Erreurs dans la détection

Une série d’études cette année a remis en question l’exactitude du dépistage précoce et a révélé des disparités raciales dans les diagnostics d’autisme.

Certaines études mettent en doute l’utilité d’un outil de dépistage largement utilisé, la Modified Checklist for Autism in Toddlers (un test de détection utilisé chez les tout-petits) : le test identifie moins de 40% des enfants autistes, et 85% de ceux qu’il signale ne sont pas d’autisme.

Parmi les très jeunes enfants, les indicateurs de test, la
plupart ne reçoivent pas d’évaluation de suivi. Et pour ceux qui sont revus, un
diagnostic définitif peut ne pas être possible tout de suite. Certains enfants
dont le dépistage est négatif à l’âge de 3 ans ne répondent aux critères
diagnostiques de l’autisme qu’après l’âge de 5 ans.
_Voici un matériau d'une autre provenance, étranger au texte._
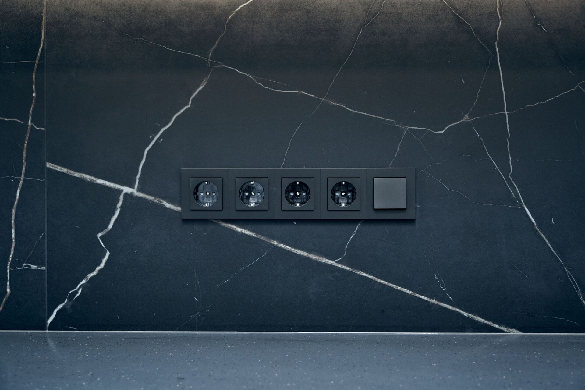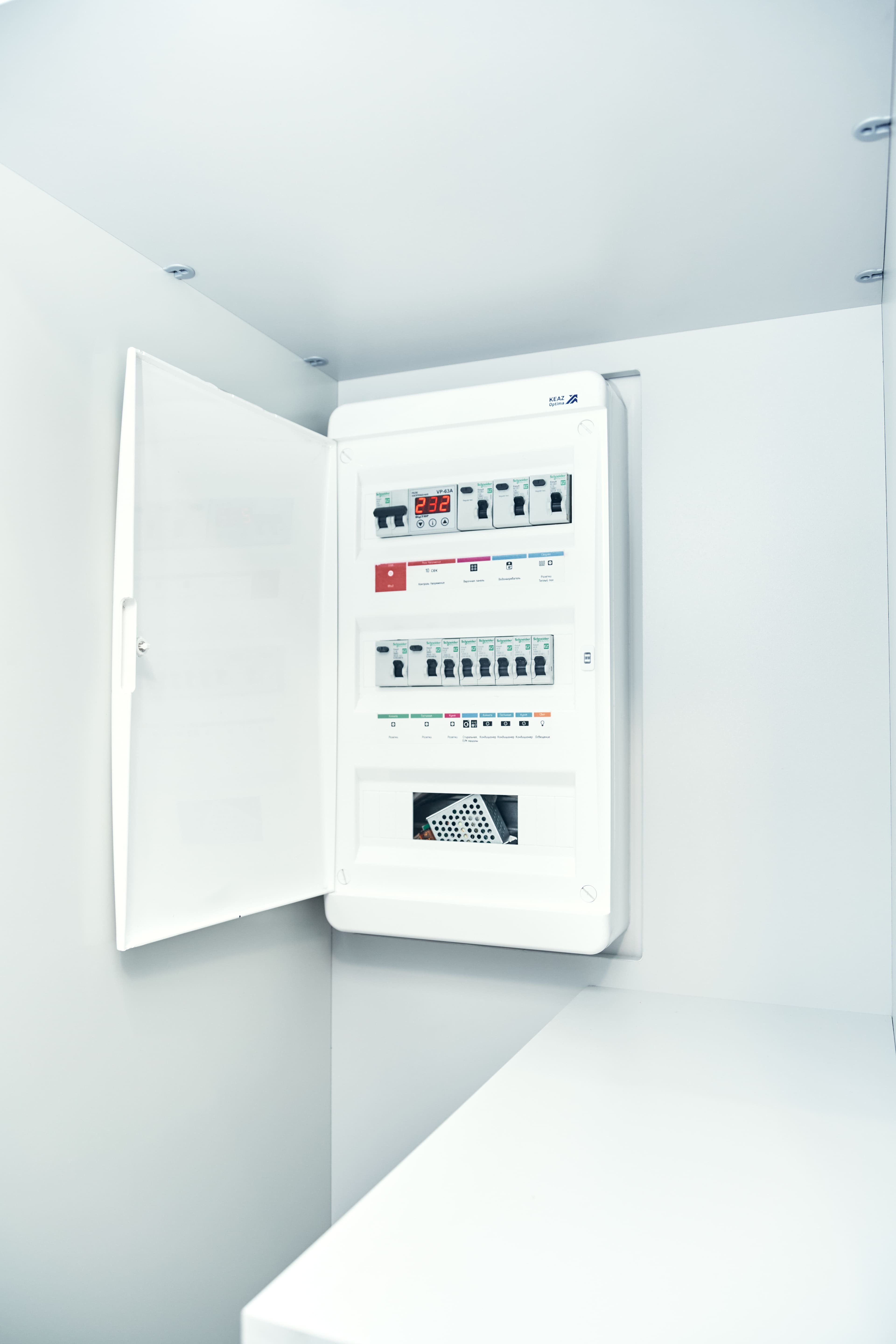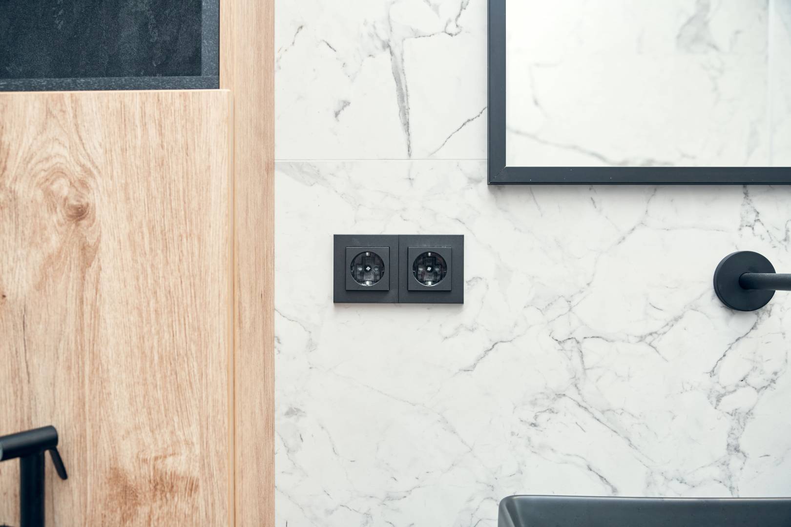 На лоджии установили электрический «теплый пол», подоконники выполнили из архитектурного бетона, окрасили остекление от застройщика в чёрный, матовый цвет. Для освещения выбрали трековые светильники Donolux, а в качестве электроустановок — бренд ABB, серию Levit.

Tous les enfants n’ont pas un accès égal aux évaluations de
l’autisme, les enfants noirs et hispaniques étant désavantagés dans plusieurs
États américains. Dans le New Jersey, les enfants noirs sont deux fois moins
susceptibles que les enfants blancs de recevoir une évaluation de l’autisme
avant l’âge de 3 ans.

Environ 9% des enfants autistes peuvent passer un diagnostic d’autisme mais ont encore d’autres conditions qui nécessitent un accompagnement, soulignant la nécessité d’une observation continue pour s’adapter à leurs besoins en évolution.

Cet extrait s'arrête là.